Like ZClassic, Bitcoin Private uses what is called “ZK-Snarks”. Although every movement of funds is still visible in the blockchain, the sender and the recipient remain anonymous. This is a bit different from the original Bitcoin because although the identities of the address owners are not disclosed, it is possible to find out how much a certain Bitcoin address has. But you can also go back in time to track which addresses and how each user has been in contact with them.
Bitcoin Diamond was directly forked from the original Bitcoin. The main goal of its development team was to allow users to remain even more anonymous. In this sense, its goal is very similar to Bitcoin Private.
When Bitcoin Diamond was first launched in November 2017, the coins were distributed quite differently from what we mentioned earlier. While the other forks kept 21 million coins restriction, Bitcoin Diamond increased this number 10 times. As a result, if you had held 0.5 BTC at the time of the Bitcoin fork, you would have received 5 Bitcoin Diamond (BCD) coins.
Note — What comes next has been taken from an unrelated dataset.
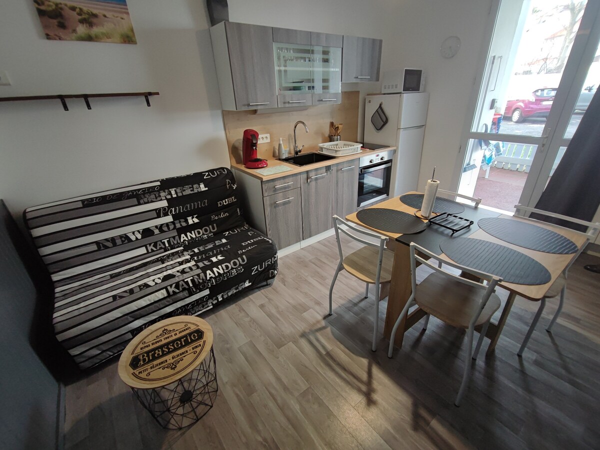 Bolig på 37 m2 i rekkehus, privat tilgang til sykkelstier og strender (2 km fra sentrum) Består av to rom, spiseplass, TV, Wi-Fi, en seng BZ, et kjøkken, et soverom med en seng på 140 cm, en garderobe og bad med toalett + oppbevaring. Utendørs: 30 m2 inngjerdet, med føttene i sanden. En parkeringsplass 50 m på inngjerdet privat eiendom med en liten tilgangsvei skog/sand. (sengetøy i tillegg).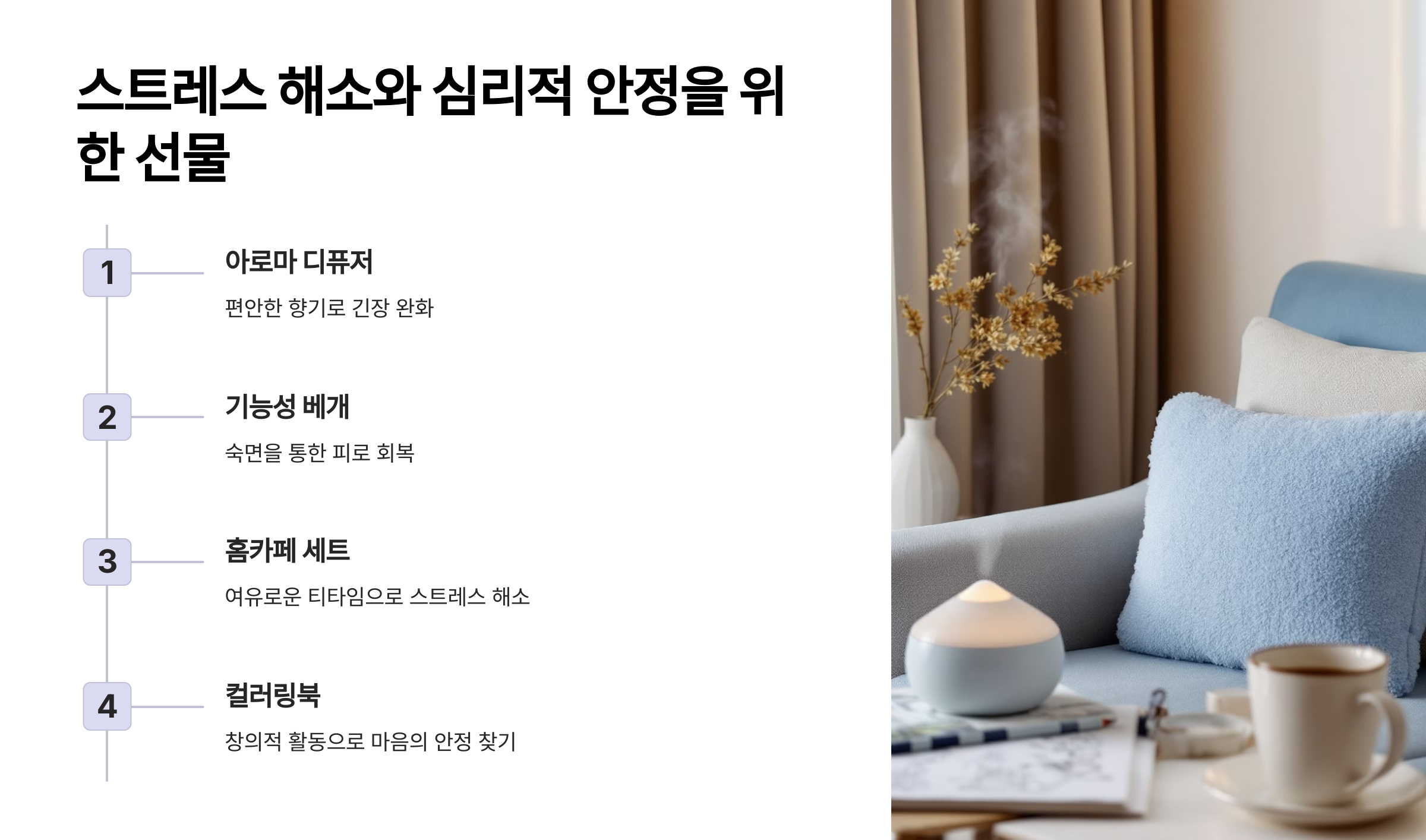 스트레스를 줄이고 숙면을 돕는 아로마 디퓨저도 좋은 선물이에요. 초년생들이 새로운 환경에 적응하며 겪을 수 있는 긴장과 불안을 완화해 줄 수 있답니다.

As with Bitcoin Cash, the maximum block size has been increased from 1 MB to 8 MB, the transaction confirmation time is 10 minutes. Some people in the crypto community believe that the Bitcoin Diamond is a fraud, and many are dissatisfied that the team has not even released an official technical document.
Other cryptocurrencies also have their own forks. For example, Ethereum, the second most famous cryptocurrency, is also created as a result of hardfork. There was the original Ethereum blockchain, but hardfork occurred after the hacker stole many ETH coins in The Dao’s smart contract.
Then a significant number of Ethereum users decided to roll back problematic transactions so that the hacker couldn’t use the stolen funds and create a fork.
Opponents of this decision remained in the minority, but continued to support the old chain, which was called Ethereum Classic, and “ETH”, which now ranks second in capitalization, remained Ethereum.